# Kohler CV13T hard to pull



## Bob O (Jul 8, 2006)

I am looking at a 13 HP Kohler and I think the ACR might be causing a hard pulling condition on this engine because when I pull the plug it pulls a lot easier. 
The exhaust vale does move a bit right after the intake valve and the valves are of the non-adjustable type.

So, does anyone know how to troubleshoot the ACR on these engines?

Thanks,
Bob


----------



## 30yearTech (Sep 14, 2006)

Kohler command engines have hydraulic lifters, if they set for a long time the lifters will bleed down and render the compression release inoperative. Usually running the engine for a short time will take care of the problem. The problem may reoccur if this engine is not run frequently.

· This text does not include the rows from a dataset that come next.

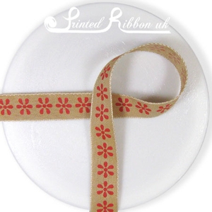 Ecru / Taupe / Light Brown 15mm ribbon with RED flower printed. 20m roll (PP15FLWR_RED20M) |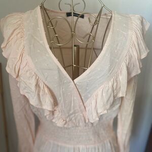 Doe & Rae peachy pink Swiss dot ruffle blouse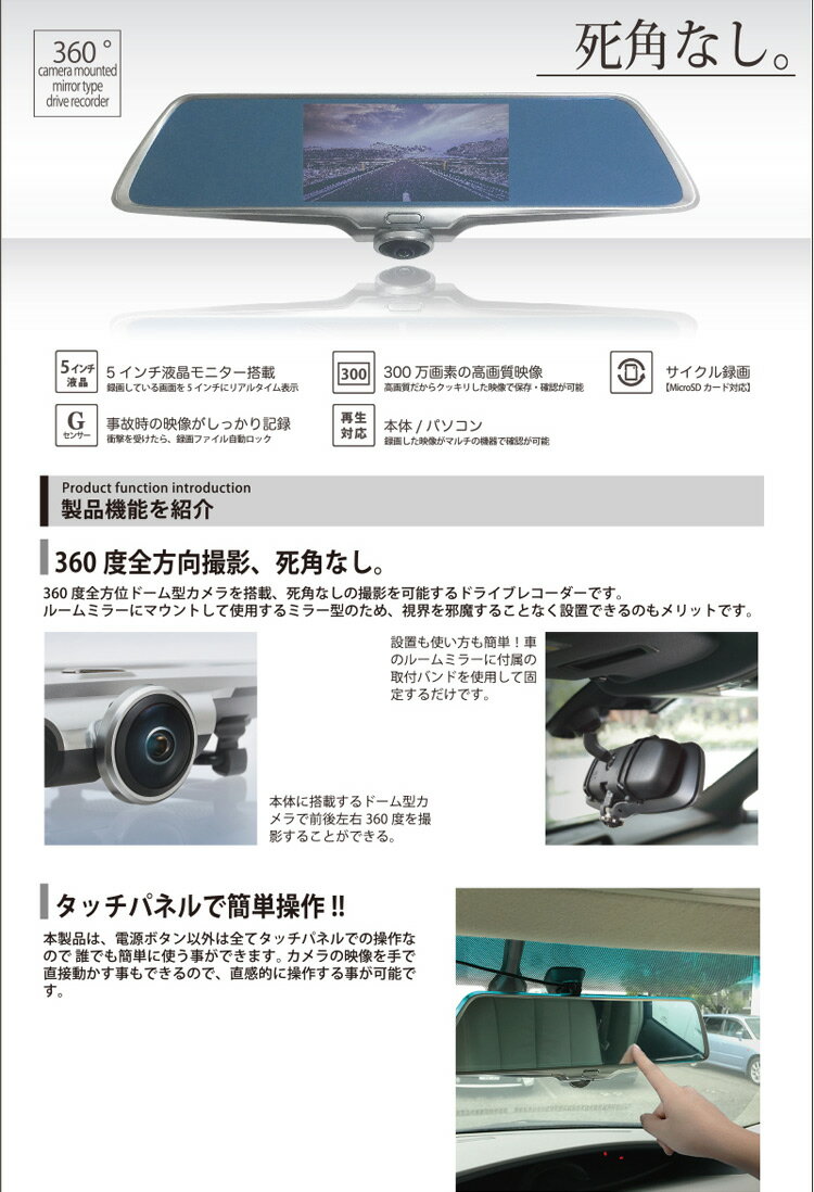 360°カメラ搭載ミラー型ドライブレコーダー SLI-ALV360 前後左右撮影 全方向録画 DC12V車専用 車載カメラ【あす楽対応】【smtb-f】【送料無料】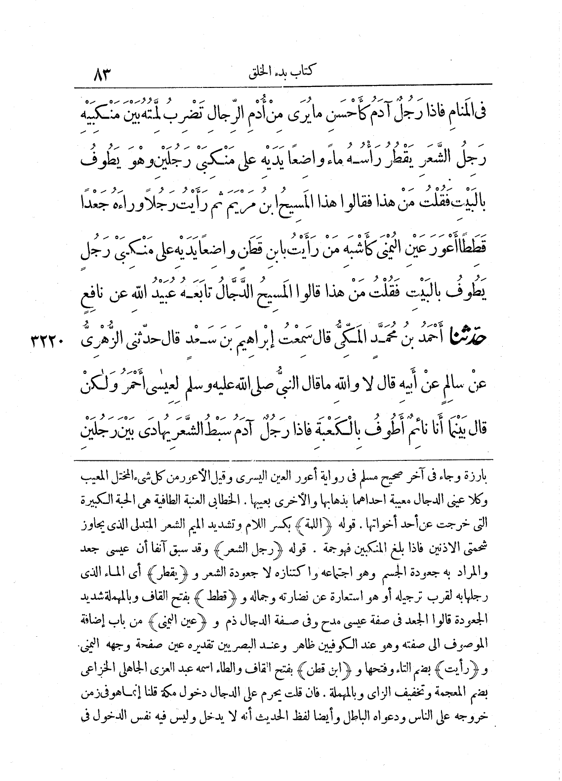 3220 - حَدَّثَنَا أَحْمَدُ بْنُ مُحَمَّدٍ الْمَكِّىُّ قَالَ سَمِعْتُ إِبْرَاهِيمَ بْنَ سَعْدٍ قَالَ حَدَّثَنِى الزُّهْرِىُّ عَنْ سَالِمٍ عَنْ أَبِيهِ، قَالَ لاَ وَاللَّهِ مَا قَالَ النَّبِىُّ صلى الله عليه وسلم لِعِيسَى أَحْمَرُ، وَلَكِنْ قَالَ «بَيْنَمَا أَنَا نَائِمٌ أَطُوفُ بِالْكَعْبَةِ، فَإِذَا رَجُلٌ آدَمُ سَبْطُ الشَّعَرِ، يُهَادَى بَيْنَ رَجُلَيْنِ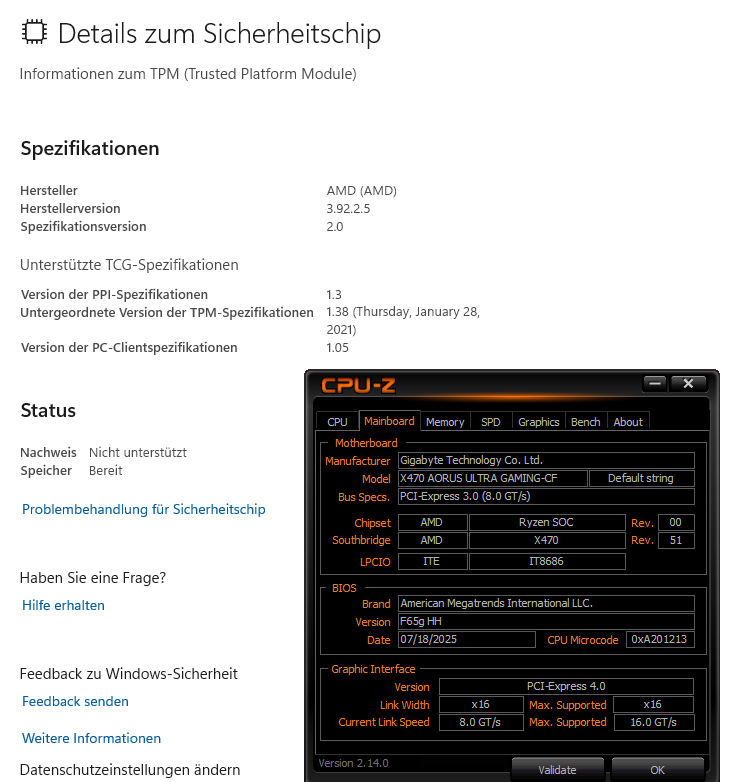 Ich habe durch Zufall festgestellt, dass in der Windows Sicherheit unter Gerätesicherheit - Details zum Sicherheitschip bei Status Nachweis „Nicht unterstützt“ angezeigt wird. Gleichzeitig steht jedoch bei Speicher „bereit“. Auch die Spezifikation für den Sicherheitschip werden alle korrekt angezeigt. Klicke ich auf die Problembehandlung für Sicherheitschip wird in einer Fehlermeldung behauptet: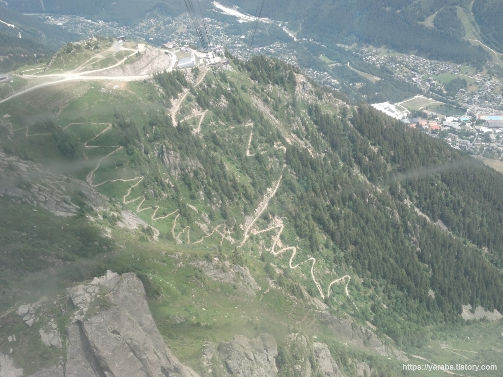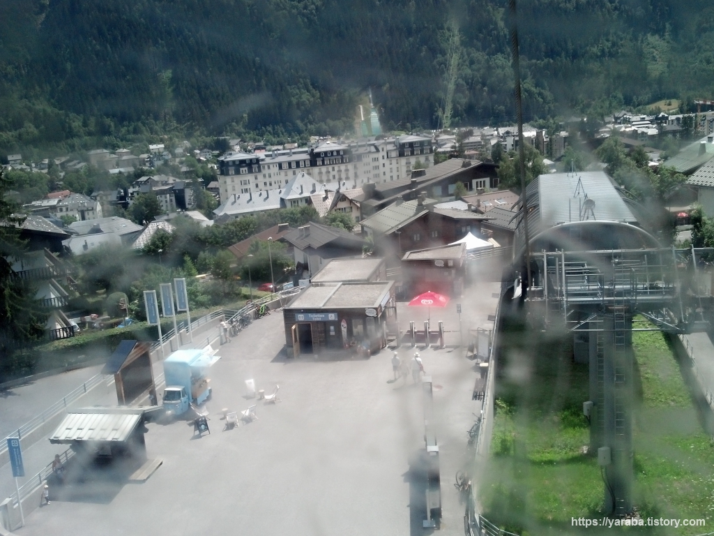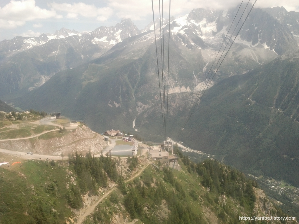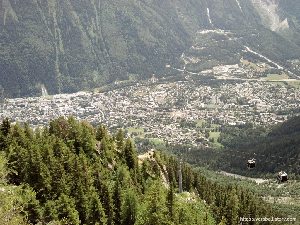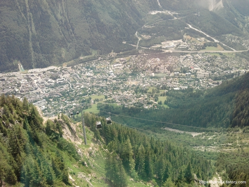 계곡을 가로지르는 케이블카에서 바라보는 샤모니의 풍경은 거칠 것 없는 독특한 스카이뷰를 선사합니다. 곤돌라에서 바라보는 풍경과는 또 다른 맛입니다. 르 브레방 케이블카를 타길 잘했다는 생각이 들었습니다.

Slowly pull the starter rope until the engine is on the compression stroke, then let the rope recoil back into the starter before pulling it to start. Be careful these engines have quite a bit of compression and can yank the rope out of your hand, and that can hurt your hand and fingers quite a bit.


----------



## Bob O (Jul 8, 2006)

Thanks 30yearTech.

I did a comp test as Kohler recommended and it was with in the spec of about 65-85 with the ACR functioning correctly but for some reason it seemed to pull easer this time around.
I will have to check into your lifter suggestion because it did seem to pull easer and oil was coming out of the push rods. Thanks for that tip.

Thanks,
Bob O.


----------